▸ Stored items
══════════

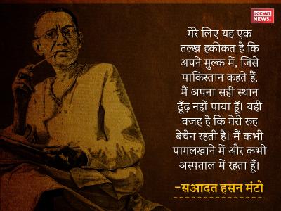 सआदत हसन मंटो का जन्म- 11 मई, 1912 को समराला, पंजाब में हुआ था।
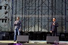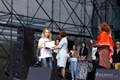 6 июля, небо уже сероеВ шесть вечера, когда оркестр свернул инструменты и уступил место другим артистам настал самый ажиотажный блок: ведущие раз за разом повторяли, что вот-вот выступят звезды и площадь наполнялась. Почему этот концерт вышел настолько крутым? Да, он был именно крутой, так как зрители простояли до самого окончания в 11 вечера, пролезали через ограду к сцене, пытались прорваться к гримерке со звездами. Гримерка, кстати, была позади сцены, но люди все равно скапливались и здесь тоже, невзирая на то, что они фактически пропускали концерт.
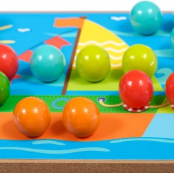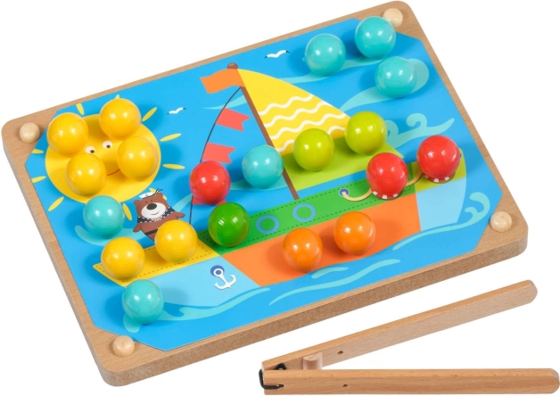 Dřevěný podstavec s otvory, barevné kolíčky a pinzeta motivují děti k přesnému úchopu a trénují jemnou motoriku i koordinaci oko–ruka.
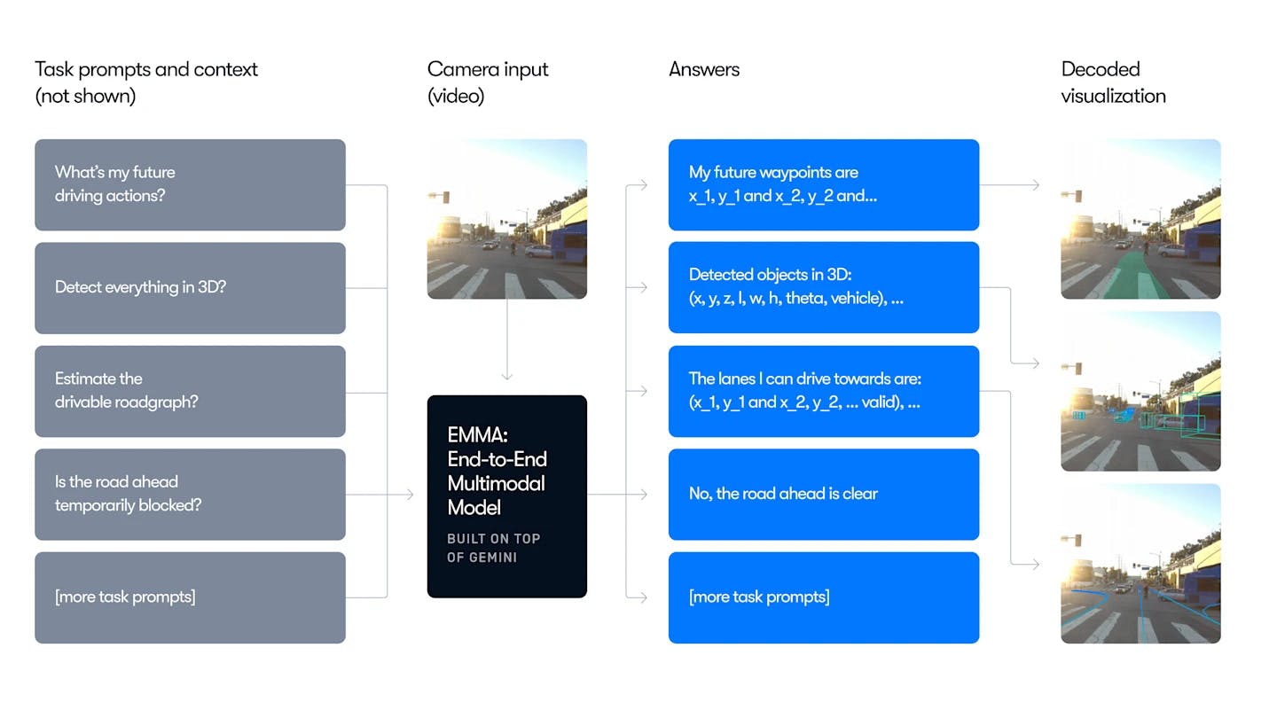 As of June 2025, Waymo’s research team was also exploring an end-to-end multimodal model for autonomous driving, or EMMA. An EMMA uses a multi-modal large language model foundation to map directly from raw camera input to driving-specific outputs, including planner trajectories, perception objects, and road graph elements, which is a departure from the multi-model architecture of the Waymo Foundation Model. In the research paper introducing EMMA, the authors claimed:
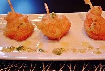 PREPARACIÓN:Lo primero es limpiar los langostinos y los ensartamos en una brocheta enfrentados, primero la parte mas ancha de uno luego la cola del otro y terminamos cerrando para que quede tipo circular.A parte picamos fino los dientes de ajo que majamos junto con el sésamo y el perejil, colocamos en un bol junto con un buen chorro de aceite y bañamos las piruletas por ambos lados, dejando macerar al menos una hora en el frigo.Pasado el tiempo preparamos la tempura para ello ponemos la harina en un bol y agregamos agua bien fría y removemos para tener una pasta, bañamos las piruletas por ambos lados y freímos en abundante aceite bien caliente. Escurrimos en un plato con papel absorvente y servimos acompañado con el majado, comer en caliente para notar el crujiente.

══════════

▸ Activity
Reproduce the data above in full, exactly, with the images removed.

▸ Expected output
 सआदत हसन मंटो का जन्म- 11 मई, 1912 को समराला, पंजाब में हुआ था।
 6 июля, небо уже сероеВ шесть вечера, когда оркестр свернул инструменты и уступил место другим артистам настал самый ажиотажный блок: ведущие раз за разом повторяли, что вот-вот выступят звезды и площадь наполнялась. Почему этот концерт вышел настолько крутым? Да, он был именно крутой, так как зрители простояли до самого окончания в 11 вечера, пролезали через ограду к сцене, пытались прорваться к гримерке со звездами. Гримерка, кстати, была позади сцены, но люди все равно скапливались и здесь тоже, невзирая на то, что они фактически пропускали концерт.
 Dřevěný podstavec s otvory, barevné kolíčky a pinzeta motivují děti k přesnému úchopu a trénují jemnou motoriku i koordinaci oko–ruka.
 As of June 2025, Waymo’s research team was also exploring an end-to-end multimodal model for autonomous driving, or EMMA. An EMMA uses a multi-modal large language model foundation to map directly from raw camera input to driving-specific outputs, including planner trajectories, perception objects, and road graph elements, which is a departure from the multi-model architecture of the Waymo Foundation Model. In the research paper introducing EMMA, the authors claimed:
 PREPARACIÓN:Lo primero es limpiar los langostinos y los ensartamos en una brocheta enfrentados, primero la parte mas ancha de uno luego la cola del otro y terminamos cerrando para que quede tipo circular.A parte picamos fino los dientes de ajo que majamos junto con el sésamo y el perejil, colocamos en un bol junto con un buen chorro de aceite y bañamos las piruletas por ambos lados, dejando macerar al menos una hora en el frigo.Pasado el tiempo preparamos la tempura para ello ponemos la harina en un bol y agregamos agua bien fría y removemos para tener una pasta, bañamos las piruletas por ambos lados y freímos en abundante aceite bien caliente. Escurrimos en un plato con papel absorvente y servimos acompañado con el majado, comer en caliente para notar el crujiente.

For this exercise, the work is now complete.